I assume you got the error "ORA-12704: character set mismatch" because your data inside quotation marks is considered char, but your fields are nchar, so char is mapped using different encodings, one uses NLS_CHARACTERSET , the other NLS_NCHAR_CHARACTERSET .
When you use the UNISTR function, it converts the data from char to nchar (in any case, which also converts encoded values to characters) as Oracle docs say:
"UNISTR takes as argument a text literal or expression that resolves character data and returns it in a national character set."
If you explicitly convert values using N or TO_NCHAR you get only NLS_NCHAR_CHARACTERSET values without decoding. If you have values encoded in this way "\00E0" , they will not be decoded and will be considered unchanged.
So, if you have an insert, for example:
insert into select N'my string with special chars like \00E0', UNISTR('my string with special chars like \00E0') from dual ....
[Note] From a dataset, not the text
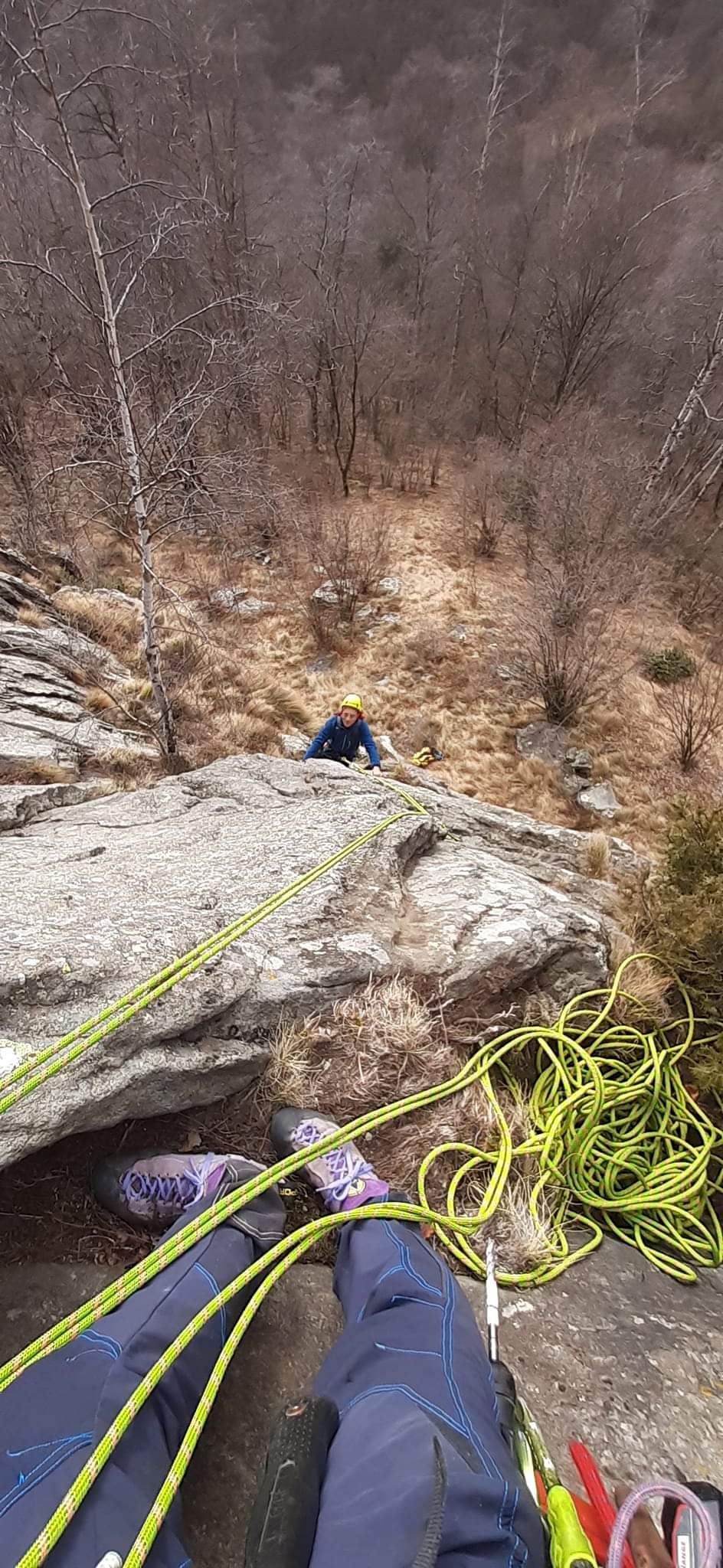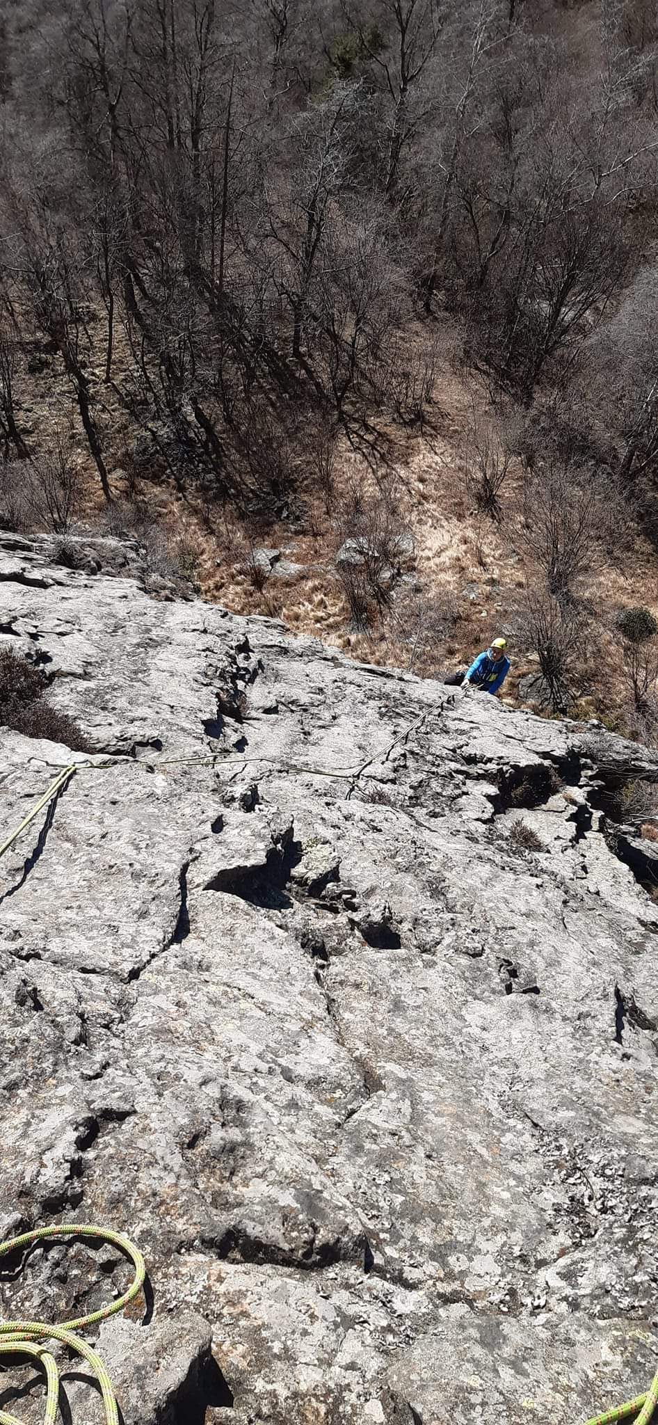 - L3 – Partenza su liscia placchetta poi a sx per scavalcare un canaletto erboso e stabilizzarsi sulla placca oltre questo. Ora seguendo l’andamento di bellissimi appigli ed appoggi un po verso sx fino in sosta su piccolo gradino, 28 m 5b.

your data in the first input field will be: 'my string with special chars like \00E0' not 'my string with special chars like à' . This is the only side effect that I know of. Other requests should already use the NLS_NCHAR_CHARACTERSET encoding, so this should not be a problem with an explicit conversion.
And by the way, why not just insert all the values like N'my string with special chars like à' ? Just encode them in UTF-16 (I assume you are using UTF-16 for nchars) first if you use different encoding in top level software.